La Iglesia inventó eso de que el fin no justifica los medios para ampliar su poder. Funcionó durante algún tiempo hasta que Lutero y después Calvino desmontaron el tinglado. El fin: la salvación de las almas justificaba los medios que utilizaban como cobrar por reducir la estancia en la cárcel espiritual.

Con el Renacimiento reaparece el pensamiento laico, tapado hasta entonces por las discusiones teológicas. Maquiavelo no se anda con bobadas y explica lo que debe hacer un príncipe para mantenerse en el poder y ampliarlo, aunque no escribe nada sobre el fin y los medios ni sobre la “razón de estado“. Un par de decenios después el gran Ignacio de Loyola, que tampoco escribió sobre el fin y los medios, tiene bien claro que para que la Iglesia recupere el poder que se le escapaba con la reforma -el fin-, hay que usar medios a veces no muy ortodoxos, incluso militares: “fundador sois Ignacio y General “… dice el himno de la orden.

Los primeros que lo dejaron por escrito, a mediados del siglo XVII fueron el jesuita Baltasar Gracián : “ Todo lo dora un buen fin , aunque los desmientan los desaciertos de los medios “ Y  el teólogo Hermann Busenbaum : “ Cuando el fin es licito, también lo son los medios”.

Así aparece el” consecuencialismo”: la acción se valora por las consecuencias.  Es correcta si produce más bien que mal “De ahí procede el utilitarismo de Bentham:  la mejor opción es la que produce mayor bien“.

Durante la Ilustración, la revolución francesa, el romanticismo y su hijo el nacionalismo, el pensamiento dominante pretende obtener unos fines tan importantes como: la independencia de naciones oprimidas, la supresión de las monarquías absolutas, la modernización de la sociedad… que los brutales medios: millones y millones de muertos -Napoleón como ejemplo- estaban justificados.

Una vez conseguidos los fines por los que pelearon, las sociedades occidentales recuperaron eso de que los principios morales son fundamentales. La Iglesia Católica dejó por escrito, en el catecismo de 1892, que el fin no justifica los medios, pero pocos lo creen. Los bombardeos indiscriminados de ciudades en Alemania o el lanzamiento de bombas atómicas en Japón, con millones de víctimas, cuando la guerra ya estaba resuelta, nos han demostrado como un fin, que hoy parece secundario: mandar un mensaje a la Unión Soviética: estos son nuestros poderes, se consigue con medios inmorales sin que haya oposición -ni siquiera de las Iglesias-.

En el siglo XXI seguimos igual: Hamás, con el fin de llamar la atención mundial sobre la situación en Gaza, comete salvajes crímenes, con la comprensión de gran parte de las “opiniones públicas “en algunos países de la región, tras lo que Netanyahu, apoyado por gobiernos occidentales, con el fin de terminar con Hamas, acaba por el camino con la vida de miles y miles de palestinos que nada tienen que ver con el grupo terrorista.

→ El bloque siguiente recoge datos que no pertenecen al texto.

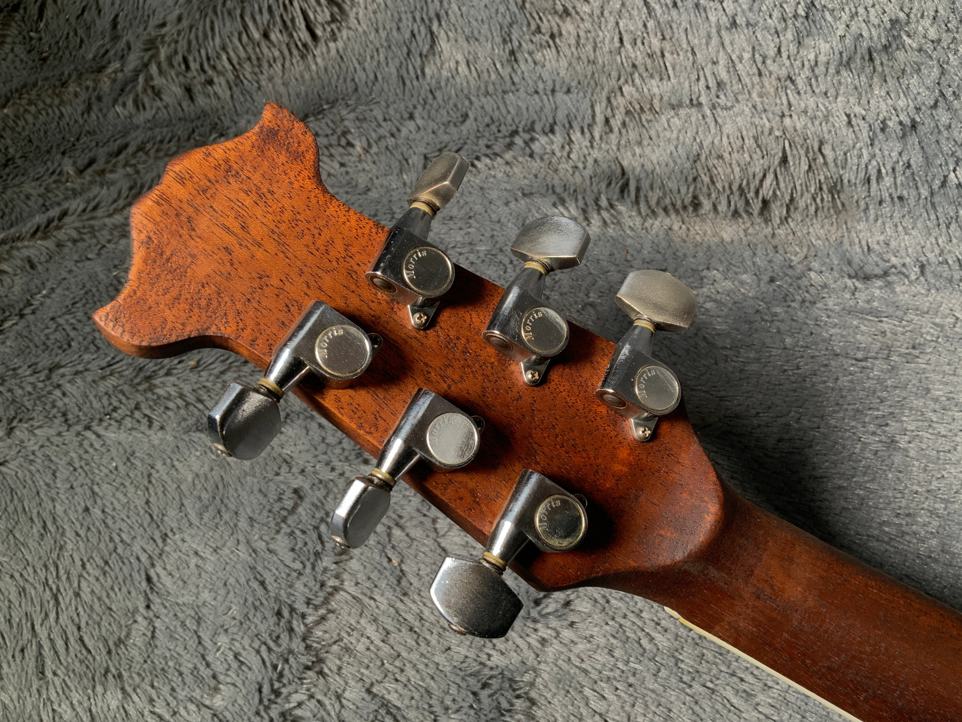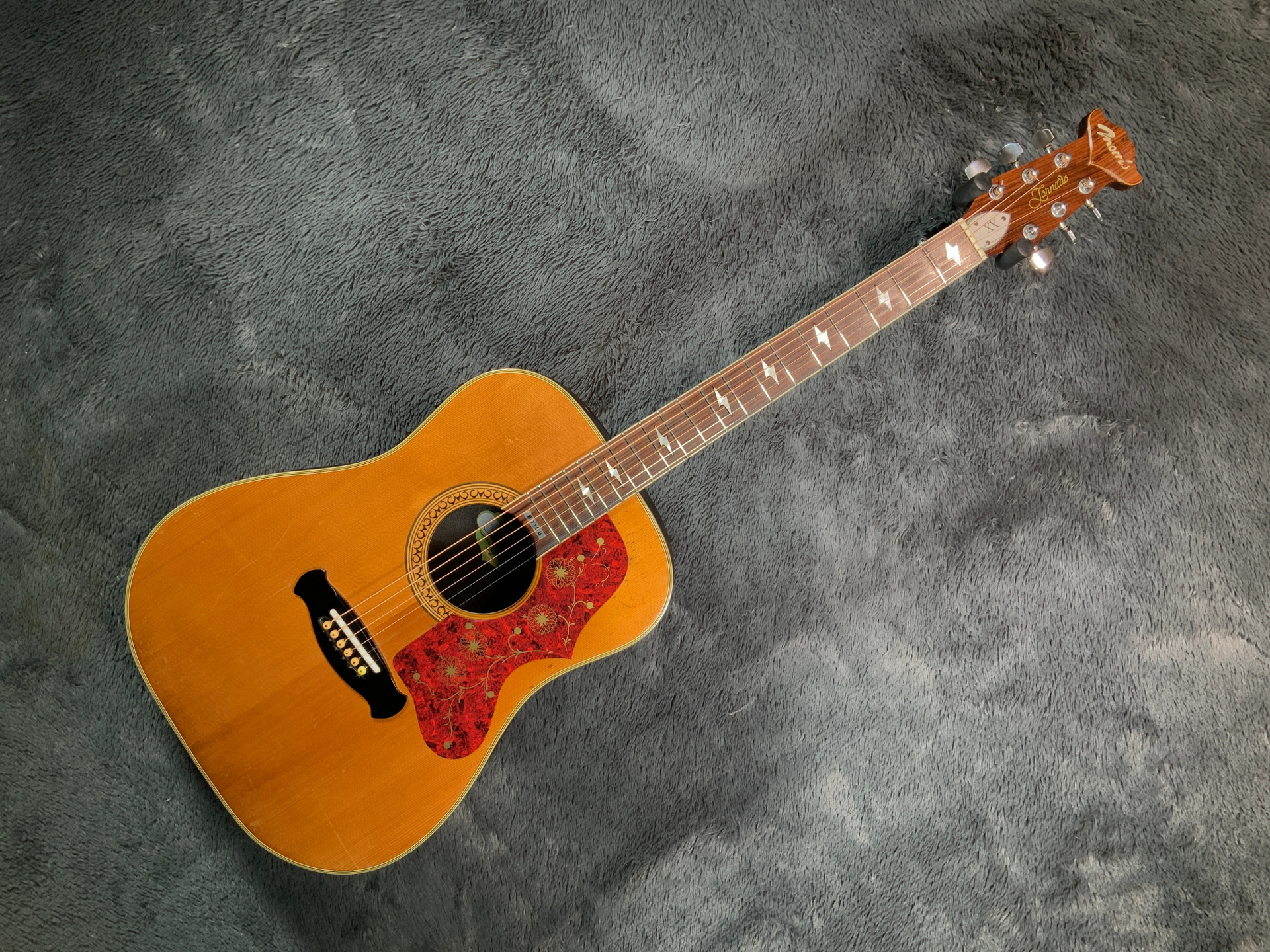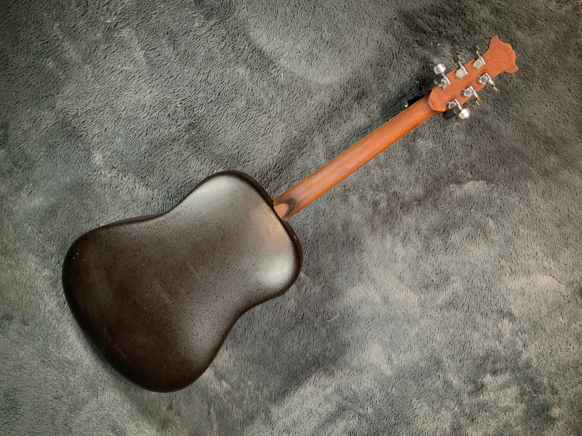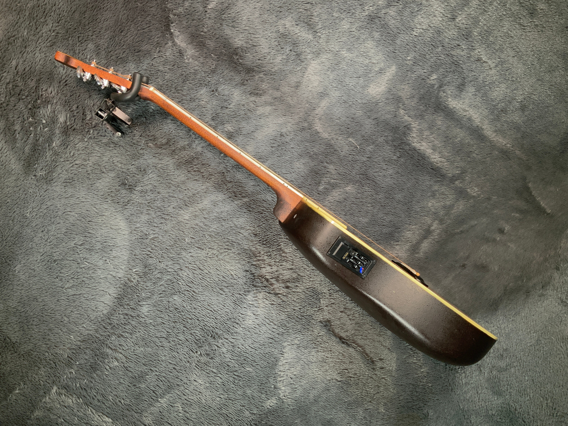 Электроакустическая гитара в стиле Ovation. Отлично звучит с подключением и в акустике. Установлены новые оригинальные американские струны D'Addario 11-52. Электроника переделана из пассивной в активную. Мензура 655 мм, верхний порожек 42 мм. Вес гитары 2,3 кг. Верх ель, корпус углепластик, гриф красное дерево покрытое масло-воском, накладка палисандр. Гриф ровный, лады без ямок с хорошим запасом, электроника в норме. Есть некритичные, возрастные царапины, потертости
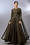 Featuring an olive green anarkali in chanderi base with embroidery. It is paired with an embroidered tulle dupatta. Accentuate it with statement earrings and heels for festive occasions or weddings.
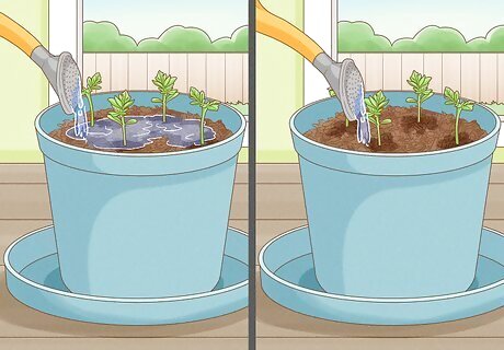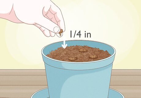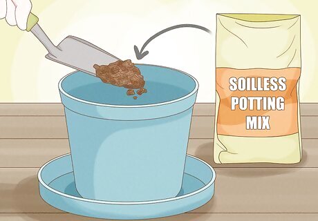 Use a soilless potting mix for indoor containers. Use a pot filled with soilless/seed-starting potting mix. Soilless potting mix is made up of materials like peat and bark. You can find it at gardening stores or stores like Home Depot and Lowe’s. Make sure the pot you are using has drainage holes in the bottom. This will allow water to pass through the pot naturally as it does in the ground. You may want to put a board or plate underneath the pot to catch any excess water or soil that comes out of the drainage holes.
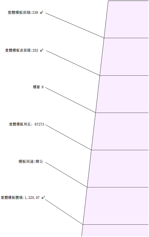 在建立量體樓板後,可在 2D 視圖中為其貼標籤。這些標籤會包括每個量體樓板之面積、外部表面積、周長、體積和用途等相關資訊。
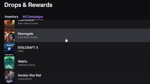 その後、あなたは行くのが良いです、そして、あなたはストームゲートのために有効になっているドロップを備えた任意のストリームを選ぶことができます。必要な時間を視聴した後、ドロップセクションに戻り、報酬を主張することができます。

En Estado Unidos basta con que el presidente firme una “orden ejecutiva“ para que las fuerzas especiales liquiden a un “enemigo de los Estados Unidos“.

En nuestra esquinita del mundo, afortunadamente sin muertos, el presidente del gobierno, para mantenerse en el puesto, concede ventajas a quienes se lo pueden garantizar, mientras que la oposición que quiere que su jefe ocupe ese lugar, utiliza todos los medios a su disposición: políticos, mediáticos, judiciales, callejeros, para intentar volver al volver al punto de partida .

 Ambos aseguran que el fin que buscan es el bien de España.  Desde hace tres siglos sabemos que si el fin es licito también lo son los medios.